> _Listed records_:
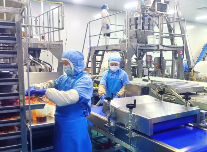 5月19日,浩林食品(山东)有限公司工人正在生产车间忙碌。据悉,该公司是成武县“百亿级”食品加工产业链条的核心企业,主要生产脱骨鸡爪、腊八蒜、脱骨鸭掌等休闲食品。近年来,我市不断壮大食品加工产业集群,初步形成果蔬、肉类、面点、预制菜4大门类600余个农产品加工品种。目前,全市规模以上农副产品加工企业占全市规上企业总数的50%以上,有农业产业化国家重点龙头企业6家,省级重点龙头企业68家。
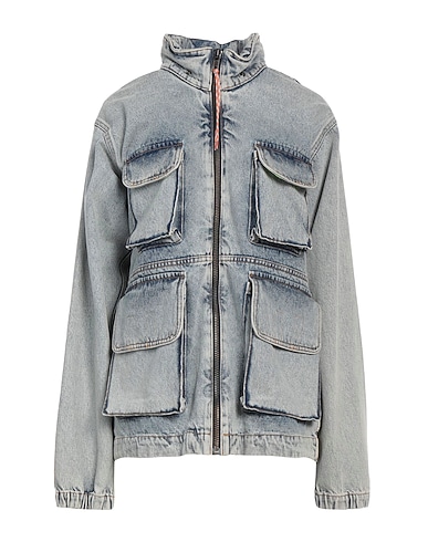 denim, no appliqués, plain colour with print, light wash, turtleneck, double-breasted, long sleeves, unlined, zip fastening, flap pockets, machine wash, do not bleach, do not tumble dry, denim jacket
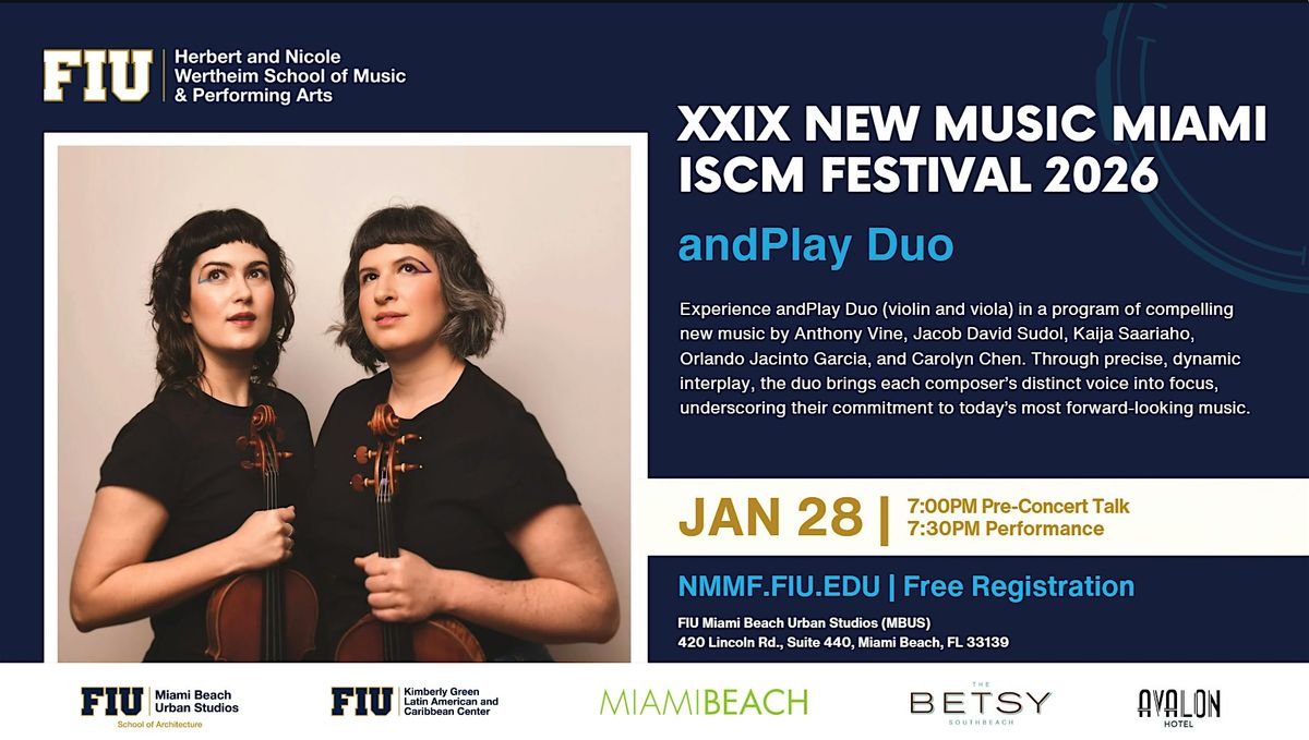 Experience andPlay Duo (violin and viola) in an evening of compelling new music by Ezequiel Viñao, Jacob David Sudol, Kaija Saariaho, Orlando Jacinto Garcia, and Carolyn Chen.
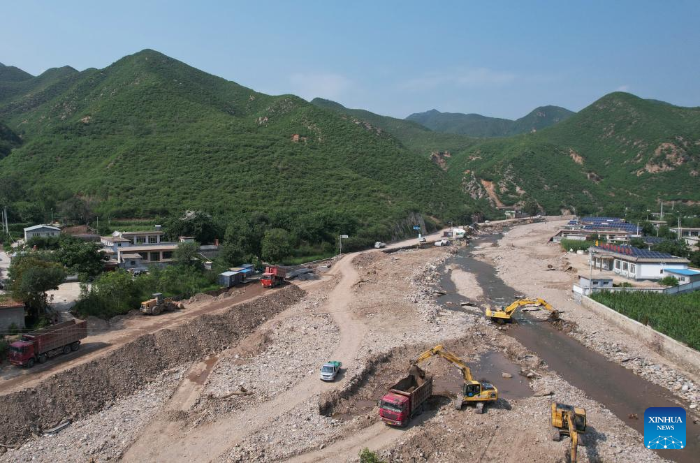 This aerial photo taken on Aug. 9, 2023 shows workers operating machinery to repair a road leading to Shannan Village of Jiulong Town, Laishui County, north China's Hebei Province. Some roads blocked by the rain-triggered floods in the county are repaired, and electricity and communication services are restored. (Xinhua/Yang Shiyao)
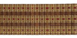Vingt volumes in-8, bradel demi-maroquin lavallière avec coins, dos à nerfs ornés avec pastilles mosaïquées de maroquin rouge, non rognés, couvertures et dos conservés (E. Carayon).
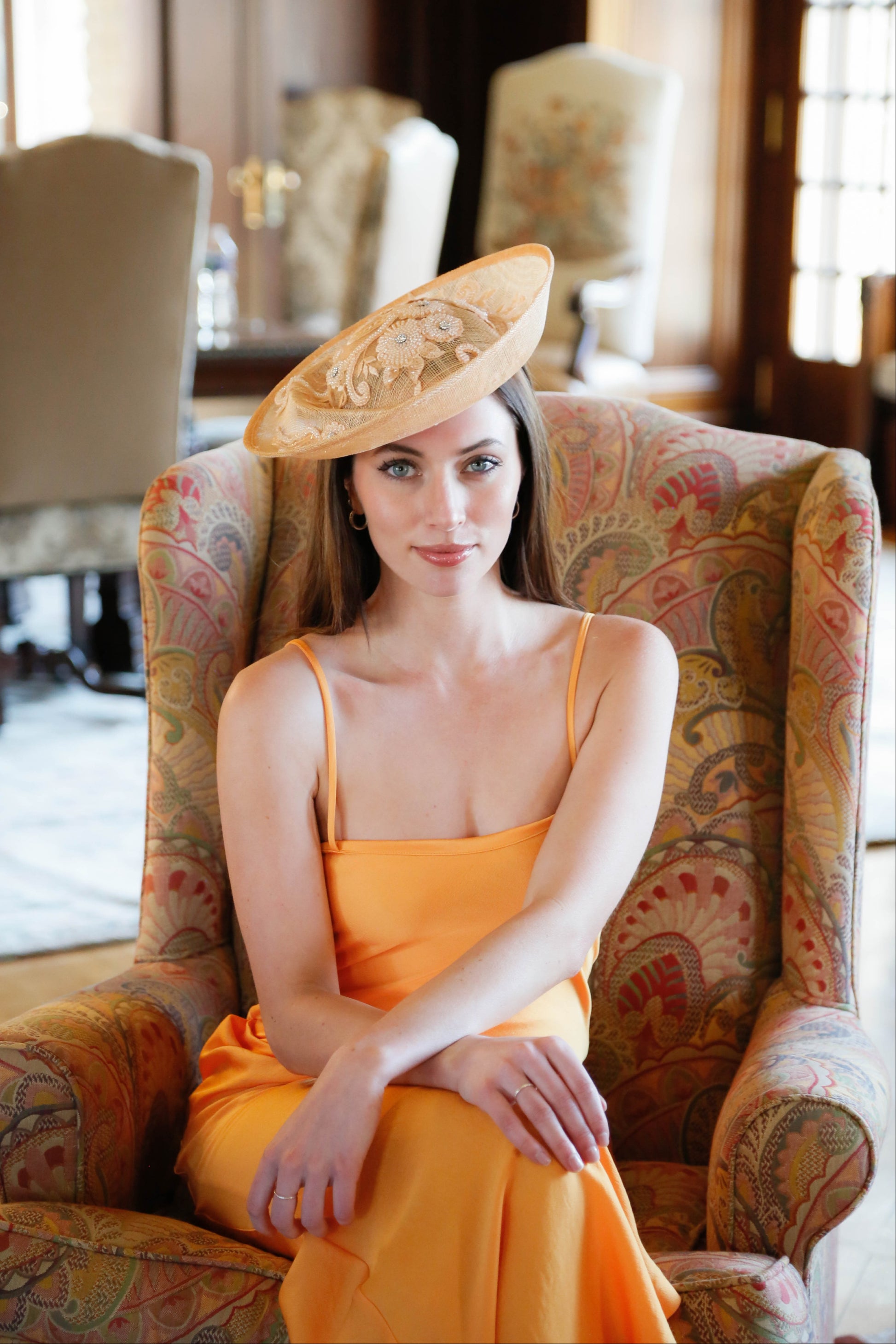 The Jenna is a beautiful peach saucer featuring delicate and detailed lace. Secured using hat elastic

> _About this exercise_: Repeat every entry above word for word, and include no pictures.

> _Output of the exercise_:
 5月19日,浩林食品(山东)有限公司工人正在生产车间忙碌。据悉,该公司是成武县“百亿级”食品加工产业链条的核心企业,主要生产脱骨鸡爪、腊八蒜、脱骨鸭掌等休闲食品。近年来,我市不断壮大食品加工产业集群,初步形成果蔬、肉类、面点、预制菜4大门类600余个农产品加工品种。目前,全市规模以上农副产品加工企业占全市规上企业总数的50%以上,有农业产业化国家重点龙头企业6家,省级重点龙头企业68家。
 denim, no appliqués, plain colour with print, light wash, turtleneck, double-breasted, long sleeves, unlined, zip fastening, flap pockets, machine wash, do not bleach, do not tumble dry, denim jacket
 Experience andPlay Duo (violin and viola) in an evening of compelling new music by Ezequiel Viñao, Jacob David Sudol, Kaija Saariaho, Orlando Jacinto Garcia, and Carolyn Chen.
 This aerial photo taken on Aug. 9, 2023 shows workers operating machinery to repair a road leading to Shannan Village of Jiulong Town, Laishui County, north China's Hebei Province. Some roads blocked by the rain-triggered floods in the county are repaired, and electricity and communication services are restored. (Xinhua/Yang Shiyao)
Vingt volumes in-8, bradel demi-maroquin lavallière avec coins, dos à nerfs ornés avec pastilles mosaïquées de maroquin rouge, non rognés, couvertures et dos conservés (E. Carayon).
 The Jenna is a beautiful peach saucer featuring delicate and detailed lace. Secured using hat elastic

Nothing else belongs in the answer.